Dijalankannya juga harus melihat detil dari kondisi perekonomian yang ada di sektor fiskal maupun sektor moneter. Terutama sektor moneter, karena sektor ini yang akan berdampak langsung dari kebijakan makroprudensial yang dijalankan oleh Bank Indonesia. Mekanisme pertahanan dalam menghindari resiko sistemik dalam sektor keuangan juga harus diperhatikan, bagian ini merupakan bagian yang sangat penting dan rawan mengingat sistem keuangan global saat ini mengarah ke system yang saling terhubng dan terkoneksi. Jadi sangat memengkinkan terjadinya efek domino dari adanya suatu krisis yang mjalar seperti yang terjadi tahun 2008 kemarin.

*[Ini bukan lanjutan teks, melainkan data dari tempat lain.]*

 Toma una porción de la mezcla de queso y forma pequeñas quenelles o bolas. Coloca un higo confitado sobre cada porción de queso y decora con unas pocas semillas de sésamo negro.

Efek domino dalam krisis inilah yang patut untuk diwaspadai, oleh karena itu diperlukannya suatu sistem pertahanan berlapis dan berjanjenjang atau berhirarki terkait dimensi krisis yang akan dihadapi. Kalau kebijakan Makroprudensial dapat dijalankan melalui pendekatan Top-down sedangkan mikroprodensial dengan pendekatan Bottom-up. Dampak lain yang dirasakan terkait dengan kebijakan penurunan rasio GWM adalah tingkat bunga kredit akan semakin kompetitif karena jumlah kredit yang mampu disediakan oleh perbankan akan semakin banyak karena adanya pengurangan cadangan minimum tersebut.

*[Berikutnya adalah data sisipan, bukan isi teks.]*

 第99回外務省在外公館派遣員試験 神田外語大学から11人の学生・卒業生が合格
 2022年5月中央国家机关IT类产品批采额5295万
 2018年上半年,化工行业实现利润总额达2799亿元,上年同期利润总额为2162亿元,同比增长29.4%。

Dengan semakin banyak kredit yang ditawarkan maka setiap perbankan akan bersiang untuk mendapatkan nasabah yang potensial untuk menyalurkan kredit tersebut. Dampak lainnya yang tentu dirasakan terkait dengan penurunan ini maka aka nada semakin banyak investor atau debitur yang akan mempergunakan kredit tersebut untuk sektor investasi.
Dengan adanya surplus atau adanya tambahan dana kredit tersebut seharusnya mampu dialokasikan secara efektif kesaluran tau channel-channel perekonomian yang memeberikan dampak yang cukup besar dan signifikan bagi perekonomian. Baik untuk sektor riil maupun sektor moneter. Karena sebagai negara yang sedang berkembang Indonesia masih banyak membutuhkan banyak sumber daya modal untuk sektor investasi dan pembangunan.
Oleh karena itu kesimpulann yang didapatkan adalah bahwa setiap kebijakan makroprudensial yang bertujuan untuk untuk mengurangi resiko sistemik dalam pasar uang atau sektor moneter harus melalui suatu tahapan perencaan, pengendalian, pelaksanaan, dan evalusai yang matang dan terkontrol serta transparan dan akuntabilitas sangat mutlak diperlukan.